WaterAid, a UK based NGO has some interesting ways to raise public awareness for the issues surrounding water – in particular, they have done some great exhibitions recently with both photographers Mustafah Abdulaziz and Malin Fezehai. We at Vignette Interactive were interested to know how these projects came about. Here is our Q&A with Neil Wissink, WaterAid’s photography director.

Tara Todras-Whitehill: Thanks so much for talking with me Neil. So I wanted to know more about how the exhibitions for Water Stories with Mustafah and Noori Tales with Malin came about, and what were the goals for each project?

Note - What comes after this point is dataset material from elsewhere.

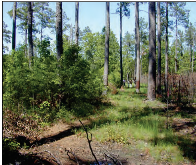
Untreated and treated flatwoods at Pine City Natural Area

The historical flatwoods were much more open than they are today at the protected areas (PCNA, KPNAP, HCBNA, FWP), highlighting the need for fire—the most important ecological process maintaining the distribution, composition, and diversity of this system. Decades of fire suppression prior to state and private conservation ownership at these four sites altered species composition and structure, resulting in dense forest stands. Portions of three sites (KPNAP, HCBNA, FWP) were converted to industrial pine plantation.

Neil Wissink: In each case they were quite different really. So Water Stories started sooner, and that developed out of a relationship with Mustafah. Mustafah contacted us first. He had already commenced his Water project which has basically become his singular focus for 15 years. He started that project and was looking for obvious partners to align and support different aspects of it. He got in touch and introduced his work and we quite liked it and could see the potential to do something with him especially something that might sit slightly outside the traditional fundraising models that we have to kind of operate within to some extent. It was more around awareness raising around the issues and would touch people on a kind of different level. So the first shoot we commissioned from Mustafah was purely speculative and we didn’t have particular output in mind for it, we just thought it was worth seeing what came out of it really. So we were quite lucky to have the opportunity to do an open ended experimental approach to a commission which is not something we had done much of before, but because Mustafah’s focus on water, it was relatively low risk and made sense to do that in that case.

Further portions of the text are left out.